(Records from a data collection)
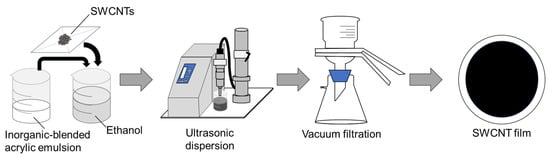 Figure 1 illustrates the fabrication process of the SWCNT-based composite films. The materials and chemicals used in this study included SWCNT powders (ZEONANO SG101, ZEON, Tokyo, Japan), synthesized via the super-growth method [], inorganic-blended acrylic emulsion (Kiwami NB spray, Make3, Osaka, Japan), and ethanol (Fujifilm Wako, Osaka, Japan). During preparation, the materials were mixed in a beaker, with the amount of inorganic-blended acrylic emulsion ranging from 0 to 20 mL, while the amounts of SWCNT powder and ethanol were maintained at 0.1 g and 50 mL, respectively. To prepare a uniform SWCNT composite dispersion, an ultrasonic homogenizer (Branson Sonifier SFX 250, Emerson, St. Louis, MO, USA) was used at 60% amplitude (nominal power of 200 W) for 30 min. The ultrasonic amplitude and frequency were 90 µm and 20 kHz, respectively, with a horn tip diameter of 12.7 mm. The rheology of composite SWCNT inks was examined using a rotational rheometer (MCR102e, Anton Paar, Graz, Austria) with a cone-plate geometry (Ø 50 mm) and a gap size of 0.5 mm, over a shear rate range of 0.1–1000 (1/s). The measurements were conducted at a constant temperature (293 K) controlled by a Peltier system. SWCNT-based composite films were subsequently fabricated via vacuum filtration. The SWCNT composite dispersion was deposited onto a 90 mm PETE membrane filter (ADVANTEC, Tokyo, Japan) positioned in a suction bottle. The filtration was conducted under a suction pressure of 0.08 MPa for approximately 1 h.
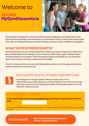 Brighten up your break room with eye-catching posters to encourage your staff to sign up to MyGymDiscounts.
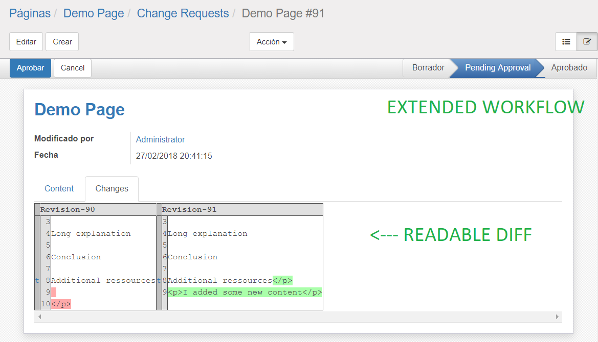 display_contentis deprecated. Replaced with justcontentas a computed field.oncascadewith pages.diffis now a computed field, not just a wizard.diffis now a little bit more readable by hacking in some new lines.name_getfordocument.page.historydocument_page_approvalsets all previous history toapprovedScreenshots
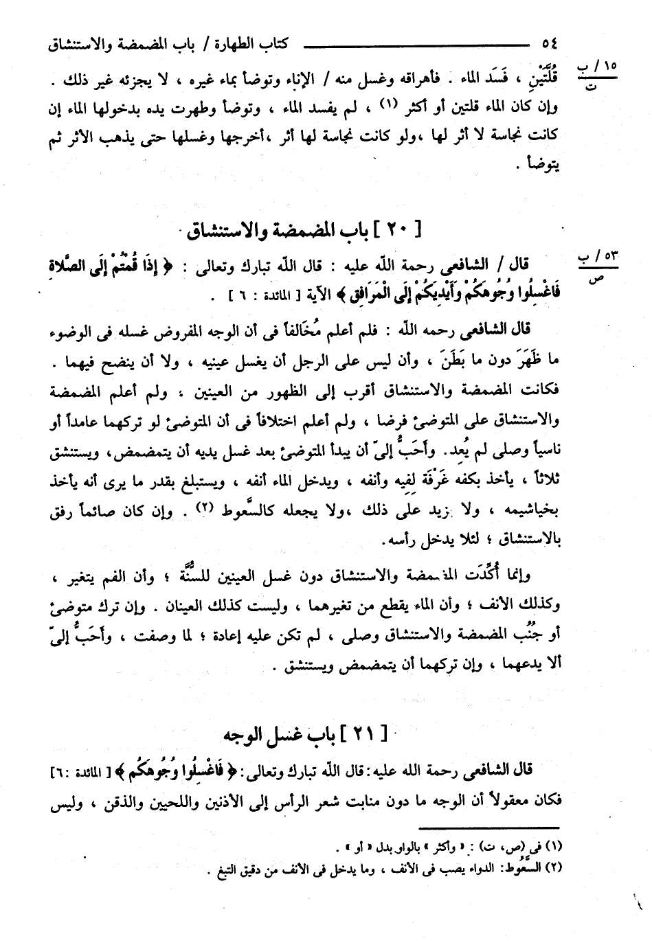 قَالَ الشَّافِعِيُّ : فَلَمْ أَعْلَمْ مُخَالِفًا فِي أَنَّ الْوَجْهَ الْمَفْرُوضَ غَسْلُهُ فِي الْوُضُوءِ - مَا ظَهَرَ دُونَ مَا بَطَنَ وَأَنْ لَيْسَ عَلَى الرَّجُلِ أَنْ يَغْسِلَ عَيْنَيْهِ وَلاَ أَنْ يَنْضَحَ فِيهِمَا فَكَانَتْ الْمَضْمَضَةُ وَالِاسْتِنْشَاقُ أَقْرَبَ إلَى الظُّهُورِ مِنْ الْعَيْنَيْنِ وَلَمْ أَعْلَمْ الْمَضْمَضَةَ وَالِاسْتِنْشَاقَ عَلَى الْمُتَوَضِّئِ فَرْضًا وَلَمْ أَعْلَمْ اخْتِلاَفًا فِي أَنَّ الْمُتَوَضِّئَ لَوْ تَرَكَهُمَا عَامِدًا أَوْ نَاسِيًا وَصَلَّى لَمْ يُعِدْ وَأَحَبُّ إلَيَّ أَنْ يَبْدَأَ الْمُتَوَضِّئُ بَعْدَ غَسْلِ يَدَيْهِ أَنْ يَتَمَضْمَضَ وَيَسْتَنْشِقَ ثَلاَثًا يَأْخُذَ بِكَفِّهِ غَرْفَةً لِفِيهِ وَأَنْفِهِ وَيُدْخِلَ الْمَاءَ أَنْفَهُ وَيَسْتَبْلِغَ بِقَدْرِ مَا يَرَى أَنَّهُ يَأْخُذُ بِخَيَاشِيمِهِ وَلاَ يَزِيدَ عَلَى ذَلِكَ وَلاَ يَجْعَلَهُ كَالسَّعُوطِ وَإِنْ كَانَ صَائِمًا رَفَقَ بِالِاسْتِنْشَاقِ لِئَلَّا يَدْخُلَ رَأْسَهُ وَإِنَّمَا أَكَّدْت الْمَضْمَضَةَ وَالِاسْتِنْشَاقَ دُونَ غَسْلِ الْعَيْنَيْنِ لِلسُّنَّةِ وَأَنَّ الْفَمَ يَتَغَيَّرُ وَكَذَلِكَ الْأَنْفُ وَأَنَّ الْمَاءَ يَقْطَعُ مِنْ تَغَيُّرِهِمَا وَلَيْسَتْ كَذَلِكَ الْعَيْنَانِ وَإِنْ تَرَكَ مُتَوَضِّئٌ أَوْ جُنُبٌ الْمَضْمَضَةَ وَالِاسْتِنْشَاقَ وَصَلَّى لَمْ تَكُنْ عَلَيْهِ إعَادَةٌ لِمَا وَصَفْت وَأَحَبُّ إلَيَّ أَنْ لاَ يَدَعَهُمَا وَإِنْ تَرَكَهُمَا أَنْ يَتَمَضْمَضَ وَيَسْتَنْشِقَ
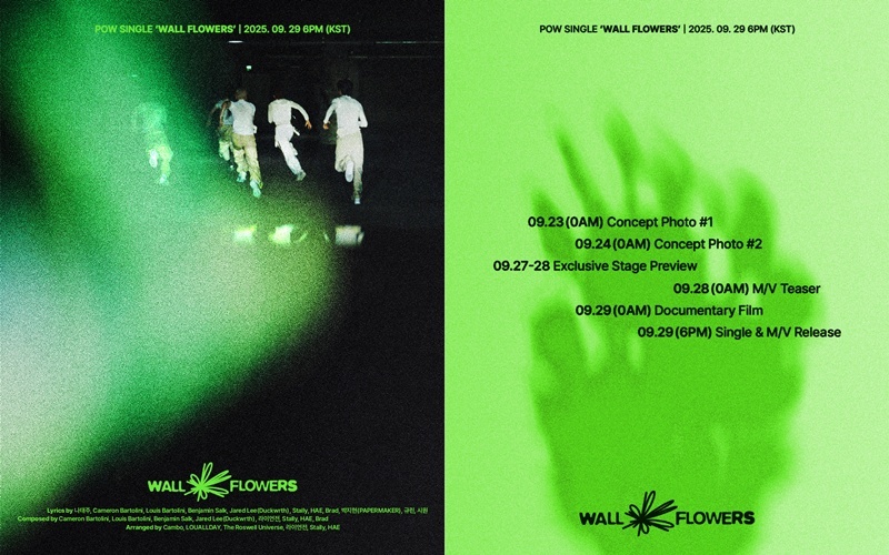 신곡 ‘Wall Flowers’는 평범해 보이지만 자신만의 존재감을 조용히 발산하는 이들의 이야기를 담았다. 마치 벽에서 피어난 꽃처럼 척박한 환경 속에서도 묵묵히 제 길을 걸어가는 파우(POW)의 모습을 투영했으며, 세상에 작지만 선명한 흔적을 남기는 존재들에 대한 찬사를 노래한다.
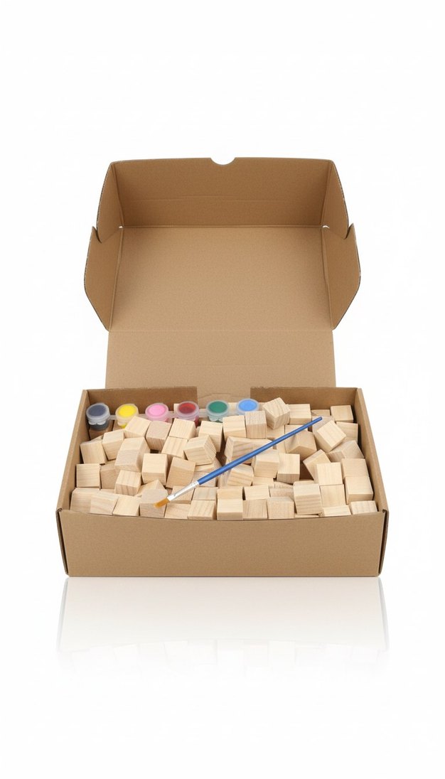 Çocuklar için ahşap bloklar, boya kapları ve fırça içeren boyama seti. Açık deve renkli bloklar ve canlı boya seçenekleri. 300 adet fiyat gayet makul Teklif kabul etmiyorum internette bin TL ve üzeri arastirabilirsiniz

> [Activity] Write out the records once more, exactly as they stand, with no images.

> [The answer]
 Figure 1 illustrates the fabrication process of the SWCNT-based composite films. The materials and chemicals used in this study included SWCNT powders (ZEONANO SG101, ZEON, Tokyo, Japan), synthesized via the super-growth method [], inorganic-blended acrylic emulsion (Kiwami NB spray, Make3, Osaka, Japan), and ethanol (Fujifilm Wako, Osaka, Japan). During preparation, the materials were mixed in a beaker, with the amount of inorganic-blended acrylic emulsion ranging from 0 to 20 mL, while the amounts of SWCNT powder and ethanol were maintained at 0.1 g and 50 mL, respectively. To prepare a uniform SWCNT composite dispersion, an ultrasonic homogenizer (Branson Sonifier SFX 250, Emerson, St. Louis, MO, USA) was used at 60% amplitude (nominal power of 200 W) for 30 min. The ultrasonic amplitude and frequency were 90 µm and 20 kHz, respectively, with a horn tip diameter of 12.7 mm. The rheology of composite SWCNT inks was examined using a rotational rheometer (MCR102e, Anton Paar, Graz, Austria) with a cone-plate geometry (Ø 50 mm) and a gap size of 0.5 mm, over a shear rate range of 0.1–1000 (1/s). The measurements were conducted at a constant temperature (293 K) controlled by a Peltier system. SWCNT-based composite films were subsequently fabricated via vacuum filtration. The SWCNT composite dispersion was deposited onto a 90 mm PETE membrane filter (ADVANTEC, Tokyo, Japan) positioned in a suction bottle. The filtration was conducted under a suction pressure of 0.08 MPa for approximately 1 h.
 Brighten up your break room with eye-catching posters to encourage your staff to sign up to MyGymDiscounts.
 display_contentis deprecated. Replaced with justcontentas a computed field.oncascadewith pages.diffis now a computed field, not just a wizard.diffis now a little bit more readable by hacking in some new lines.name_getfordocument.page.historydocument_page_approvalsets all previous history toapprovedScreenshots
 قَالَ الشَّافِعِيُّ : فَلَمْ أَعْلَمْ مُخَالِفًا فِي أَنَّ الْوَجْهَ الْمَفْرُوضَ غَسْلُهُ فِي الْوُضُوءِ - مَا ظَهَرَ دُونَ مَا بَطَنَ وَأَنْ لَيْسَ عَلَى الرَّجُلِ أَنْ يَغْسِلَ عَيْنَيْهِ وَلاَ أَنْ يَنْضَحَ فِيهِمَا فَكَانَتْ الْمَضْمَضَةُ وَالِاسْتِنْشَاقُ أَقْرَبَ إلَى الظُّهُورِ مِنْ الْعَيْنَيْنِ وَلَمْ أَعْلَمْ الْمَضْمَضَةَ وَالِاسْتِنْشَاقَ عَلَى الْمُتَوَضِّئِ فَرْضًا وَلَمْ أَعْلَمْ اخْتِلاَفًا فِي أَنَّ الْمُتَوَضِّئَ لَوْ تَرَكَهُمَا عَامِدًا أَوْ نَاسِيًا وَصَلَّى لَمْ يُعِدْ وَأَحَبُّ إلَيَّ أَنْ يَبْدَأَ الْمُتَوَضِّئُ بَعْدَ غَسْلِ يَدَيْهِ أَنْ يَتَمَضْمَضَ وَيَسْتَنْشِقَ ثَلاَثًا يَأْخُذَ بِكَفِّهِ غَرْفَةً لِفِيهِ وَأَنْفِهِ وَيُدْخِلَ الْمَاءَ أَنْفَهُ وَيَسْتَبْلِغَ بِقَدْرِ مَا يَرَى أَنَّهُ يَأْخُذُ بِخَيَاشِيمِهِ وَلاَ يَزِيدَ عَلَى ذَلِكَ وَلاَ يَجْعَلَهُ كَالسَّعُوطِ وَإِنْ كَانَ صَائِمًا رَفَقَ بِالِاسْتِنْشَاقِ لِئَلَّا يَدْخُلَ رَأْسَهُ وَإِنَّمَا أَكَّدْت الْمَضْمَضَةَ وَالِاسْتِنْشَاقَ دُونَ غَسْلِ الْعَيْنَيْنِ لِلسُّنَّةِ وَأَنَّ الْفَمَ يَتَغَيَّرُ وَكَذَلِكَ الْأَنْفُ وَأَنَّ الْمَاءَ يَقْطَعُ مِنْ تَغَيُّرِهِمَا وَلَيْسَتْ كَذَلِكَ الْعَيْنَانِ وَإِنْ تَرَكَ مُتَوَضِّئٌ أَوْ جُنُبٌ الْمَضْمَضَةَ وَالِاسْتِنْشَاقَ وَصَلَّى لَمْ تَكُنْ عَلَيْهِ إعَادَةٌ لِمَا وَصَفْت وَأَحَبُّ إلَيَّ أَنْ لاَ يَدَعَهُمَا وَإِنْ تَرَكَهُمَا أَنْ يَتَمَضْمَضَ وَيَسْتَنْشِقَ
 신곡 ‘Wall Flowers’는 평범해 보이지만 자신만의 존재감을 조용히 발산하는 이들의 이야기를 담았다. 마치 벽에서 피어난 꽃처럼 척박한 환경 속에서도 묵묵히 제 길을 걸어가는 파우(POW)의 모습을 투영했으며, 세상에 작지만 선명한 흔적을 남기는 존재들에 대한 찬사를 노래한다.
 Çocuklar için ahşap bloklar, boya kapları ve fırça içeren boyama seti. Açık deve renkli bloklar ve canlı boya seçenekleri. 300 adet fiyat gayet makul Teklif kabul etmiyorum internette bin TL ve üzeri arastirabilirsiniz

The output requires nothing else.